Saturday, June 25, 2011

Meeting Expectations

I just completed one of those “did we meet your expectations” surveys on-line purveyors love to send me. Anytime you buy a ticket or use customer service or a help line right away they want to know how you felt about it.

The short answer is if you did it right the first time I wouldn't have to bother customer relations. These surveys follow billing and/or technical problems as well as ticket purchases.

My son introduced me to StubHub which sells tickets for everything but we use it mostly for baseball games. I like to go to a Yankees game once a year and this was the first time I used StubHub to buy my tickets. I got the seats I wanted at the price I wanted to pay and the tickets arrived in a timely fashion.

So all in all I was pretty satisfied with the deal. Then comes the email survey from StubHub wanting to know all about my purchasing experience. The survey was 40 questions when one would have sufficed.

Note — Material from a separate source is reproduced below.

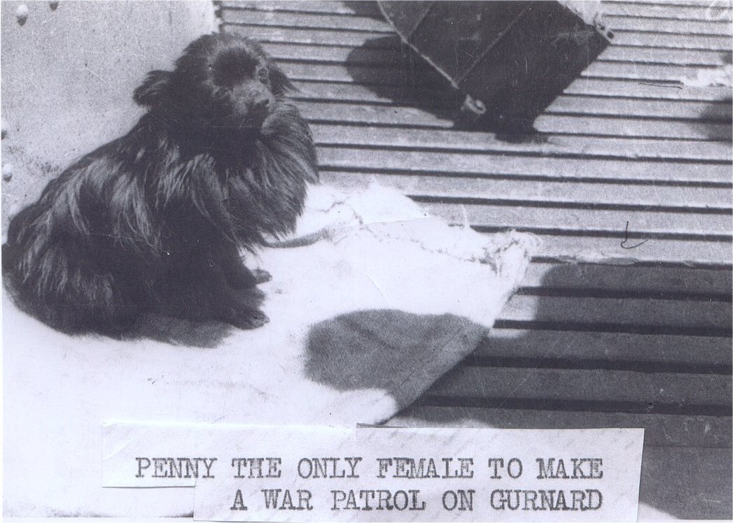 TME 2/C Glenn H. Milhorn remembers Penny the only female to make a war patrol on Gurnard. Penny was a great little dog. Bill Gleason and Bill Parks found her lost or abandoned in Perth. She was in pretty bad shape. The Pharmistist Mate doctored her up. She loved the crew and they loved her. She used to come leaping through the water tight doors into the after torpedo room. She would jump up on my lap and go to sleep. She had a good home but she did not like the depth charges. When we were under attack she weathered the storm under the pillow on Gleason's bunk.

Were you satisfied? Yes. End of survey.

Instead it went on and on and because I WAS satisfied I answered all the questions except those that got a little too personal. Like household income, minors in the household, etc. I “preferred not to answer.”

The other regular surveyor is Verizon. You call them with a question about a bill or a technical matter and within minutes you get an email asking you take just a few minutes to answer questions about whether they were helpful or not.

One time we actually received a phone call from a Verizon rep wanting to discuss a transaction my wife had with their billing department. My wife couldn't come to the phone just then so I asked the lady if she would mind calling back later. She said she would but we haven't heard from her since. If 10 is exceptional and 1 is terrible, that's a 1.

What happens to all those survey answers anyway? Does anyone really read them? Do they actually result in improved service?

We'll take a survey to find out. Don't wait up.